* _EXCERPTED DATA_:
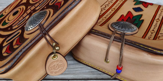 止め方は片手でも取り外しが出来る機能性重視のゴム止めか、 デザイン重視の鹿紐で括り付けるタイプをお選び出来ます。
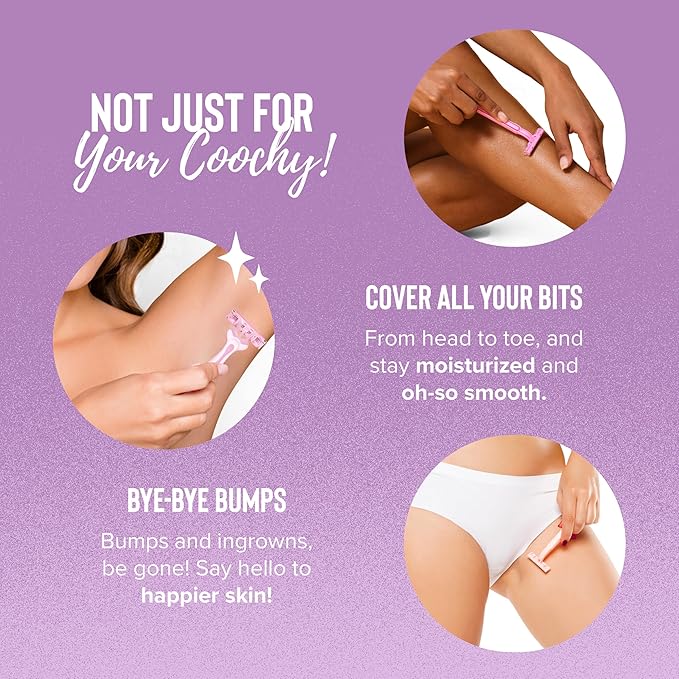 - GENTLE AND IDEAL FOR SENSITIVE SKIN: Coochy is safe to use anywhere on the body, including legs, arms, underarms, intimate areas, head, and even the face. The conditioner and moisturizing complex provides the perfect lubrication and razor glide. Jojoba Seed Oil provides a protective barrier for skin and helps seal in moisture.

* * *

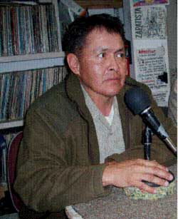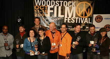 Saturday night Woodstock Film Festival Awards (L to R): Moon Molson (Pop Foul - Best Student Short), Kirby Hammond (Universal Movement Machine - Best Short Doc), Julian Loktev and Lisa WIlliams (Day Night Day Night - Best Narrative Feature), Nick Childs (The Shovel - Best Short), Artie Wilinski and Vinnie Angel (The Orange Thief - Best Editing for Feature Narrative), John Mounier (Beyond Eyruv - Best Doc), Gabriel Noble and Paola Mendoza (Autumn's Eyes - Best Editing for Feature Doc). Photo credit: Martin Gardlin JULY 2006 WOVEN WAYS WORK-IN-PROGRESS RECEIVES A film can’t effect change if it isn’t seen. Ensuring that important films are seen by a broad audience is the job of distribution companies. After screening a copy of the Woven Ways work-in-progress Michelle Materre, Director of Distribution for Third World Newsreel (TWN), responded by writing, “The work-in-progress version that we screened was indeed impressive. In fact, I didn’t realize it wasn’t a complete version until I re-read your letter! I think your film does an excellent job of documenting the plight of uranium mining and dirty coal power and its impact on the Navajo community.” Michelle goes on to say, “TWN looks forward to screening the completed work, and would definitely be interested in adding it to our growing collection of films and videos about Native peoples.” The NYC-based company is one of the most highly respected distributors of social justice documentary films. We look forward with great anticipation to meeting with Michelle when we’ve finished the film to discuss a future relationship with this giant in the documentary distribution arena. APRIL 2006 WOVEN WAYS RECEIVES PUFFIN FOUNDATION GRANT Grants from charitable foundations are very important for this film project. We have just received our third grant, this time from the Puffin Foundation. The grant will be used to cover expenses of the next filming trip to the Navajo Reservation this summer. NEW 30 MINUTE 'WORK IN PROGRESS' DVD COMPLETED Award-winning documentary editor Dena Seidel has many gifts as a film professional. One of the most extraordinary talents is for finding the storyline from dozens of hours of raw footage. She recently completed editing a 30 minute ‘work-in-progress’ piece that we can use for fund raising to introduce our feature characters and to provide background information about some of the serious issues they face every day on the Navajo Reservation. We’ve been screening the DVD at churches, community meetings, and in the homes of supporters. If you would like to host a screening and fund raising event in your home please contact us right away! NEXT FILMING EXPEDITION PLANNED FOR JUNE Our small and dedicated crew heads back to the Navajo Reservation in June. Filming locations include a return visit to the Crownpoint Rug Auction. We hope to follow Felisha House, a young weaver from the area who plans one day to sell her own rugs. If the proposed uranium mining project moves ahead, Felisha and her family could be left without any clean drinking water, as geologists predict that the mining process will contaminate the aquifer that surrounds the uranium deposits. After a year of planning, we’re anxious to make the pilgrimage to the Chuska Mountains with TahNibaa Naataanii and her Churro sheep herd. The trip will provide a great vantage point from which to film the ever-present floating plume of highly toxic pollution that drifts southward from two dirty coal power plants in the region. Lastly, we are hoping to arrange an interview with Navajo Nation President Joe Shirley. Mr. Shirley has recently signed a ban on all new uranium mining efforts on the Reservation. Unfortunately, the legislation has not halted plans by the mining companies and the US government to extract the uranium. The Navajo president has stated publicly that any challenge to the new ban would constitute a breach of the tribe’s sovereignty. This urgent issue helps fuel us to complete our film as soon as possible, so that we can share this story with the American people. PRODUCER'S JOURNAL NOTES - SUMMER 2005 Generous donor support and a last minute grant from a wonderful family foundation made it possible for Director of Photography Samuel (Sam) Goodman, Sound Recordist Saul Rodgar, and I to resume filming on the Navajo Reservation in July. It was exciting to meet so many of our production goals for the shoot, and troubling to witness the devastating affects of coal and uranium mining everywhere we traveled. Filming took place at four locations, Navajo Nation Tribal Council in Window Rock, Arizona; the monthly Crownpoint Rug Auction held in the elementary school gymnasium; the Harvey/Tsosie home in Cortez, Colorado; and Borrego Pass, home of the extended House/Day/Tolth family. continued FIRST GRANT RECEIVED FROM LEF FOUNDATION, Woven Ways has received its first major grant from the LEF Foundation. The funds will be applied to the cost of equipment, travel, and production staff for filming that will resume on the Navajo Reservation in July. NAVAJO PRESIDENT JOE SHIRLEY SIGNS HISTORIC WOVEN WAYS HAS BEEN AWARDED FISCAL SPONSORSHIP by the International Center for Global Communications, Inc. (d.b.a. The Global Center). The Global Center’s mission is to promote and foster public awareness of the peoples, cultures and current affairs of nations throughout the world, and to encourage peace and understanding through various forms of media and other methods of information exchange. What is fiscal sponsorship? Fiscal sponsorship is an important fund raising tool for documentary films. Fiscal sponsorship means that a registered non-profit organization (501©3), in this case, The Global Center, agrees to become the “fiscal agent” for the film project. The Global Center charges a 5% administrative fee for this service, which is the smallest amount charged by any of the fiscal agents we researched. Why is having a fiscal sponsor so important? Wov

* _WORK TO BE COMPLETED_: Print, exactly and with no pictures, the lines of the listing above starting at the one that has "止め方は片手でも取り外しが出" and ending at the one that has "- GENTLE AND", both included.

* _RESULT OF THIS EXERCISE_:
 止め方は片手でも取り外しが出来る機能性重視のゴム止めか、 デザイン重視の鹿紐で括り付けるタイプをお選び出来ます。
 - GENTLE AND IDEAL FOR SENSITIVE SKIN: Coochy is safe to use anywhere on the body, including legs, arms, underarms, intimate areas, head, and even the face. The conditioner and moisturizing complex provides the perfect lubrication and razor glide. Jojoba Seed Oil provides a protective barrier for skin and helps seal in moisture.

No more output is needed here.